The objectives of this study were to propose an HDX model for improved maternal health service delivery and program management at hospital, state, and national levels. The study focused on two research questions, namely what are the essential design and development requirements, and how will the model enable HDX to support the use and reuse of data for improved maternal health service delivery and program management at hospital, state, and national levels?
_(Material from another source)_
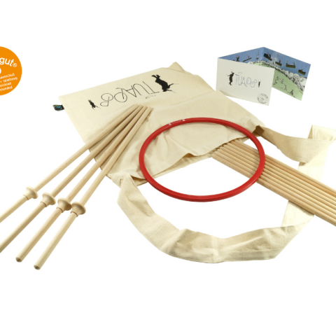 Inhoud: ring (gemaakt van het biologische materiaal Arboblend), doorsnede 26,5 cm 2 x 2 stokken om mee te werpen/vangen (stoklengte 50 cm) 8 houten stokken om bv de ring omheen te werpen (lengte 30 cm) korte gebruiksaanwijzing in het Nederlands, met plaatjes en spelsuggesties, uitgebreide spelregels zijn te vinden op de site van tualoop.de handige draagtas om het spel in op te bergen en te vervoeren Het spel wordt geleverd in een kartonnen doos.

A tertiary care state government hospital (TSGH) in India was selected as the case study site. State government hospitals are the foundational component of the expected HDX exchange envisioned at the national level in the country. National- and state-level health leadership offered their support for the study, which proved critical for data collection given the focus on a public health setting and in light of the COVID-19 pandemic.
Study design and ethics
A qualitative study design was used to document health data needs, systems, processes, roles, and responsibilities to enable HDX for improved maternal health service delivery (antenatal care, childbirth, and postnatal care) and program management at the hospital, state, and national levels. The study was designed to examine and document data systems and processes inside and outside the hospitals, with a primary focus on the TSGH. The study did not explore an individual event or cultural phenomenon or develop a theory11,12 as the case study design was applied.13–15 Moreover, the study did not compare the TSGH selected with another TSGH inside or outside the state in which the case study was conducted. Last, the study did not investigate HDX implementation or how HDX can support educational and research requirements of the TSGH. A single case study was adequate to collect the data required to answer the research questions and was feasible within the available time and funding constraints. The Institutional Review Board (IRB) of the University of North Carolina at Chapel Hill provided the study with a notification of exemption from further review (IRB number:19-3200).
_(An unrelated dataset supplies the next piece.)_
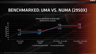 UMA (Distributed) is pretty simple; it allows both dies to access all of the attached memory. NUMA mode (Local) attempts to keep all data for the process executing on the die confined to its directly attached memory controller, establishing one NUMA node per die. The goal is to minimize requests to remote memory attached to the other die. NUMA works best if programs are designed specifically to utilize it. Even though most desktop PC software wasn't written with NUMA in mind, performance gains are still possible in non-NUMA applications.

A total of 20 key informants were purposively selected for interviews based on their expertise, experience, and willingness to share insights and opinions relevant to the study objective. The selection process included creating a list of national-, state-, and hospital-level stakeholders following a review of organizational hierarchy documents and consultation with EHR and health systems experts at national, state, and hospital levels. These experts were not included in the study sample. When conducting an interview-based study that has specific research questions, the experience of most qualitative researchers has been that little new information is generated after interviewing more than 20 people.16 Because purposive sampling focuses on identifying “information-rich” key informants, a total of 20 participants were purposively selected for the key informant interviews (KIIs).17
Data collection instrument
A KII guide in English and Hindi was developed and tested with three informants other than the key informants to ensure questions were aligned with the research objectives and appropriate to the study setting in addition to aligning the terms and concepts used in the guide with how it was used in practice. The KII guide was administered to gather information on the essential design and development requirements for an HDX. KIIs are appropriate for collecting detailed information from key informants with diverse backgrounds and opinions, and they allow for in-depth and probing questions.14 The interviews created a favorable environment for open conversations about sensitive topics in a one-on-one setting.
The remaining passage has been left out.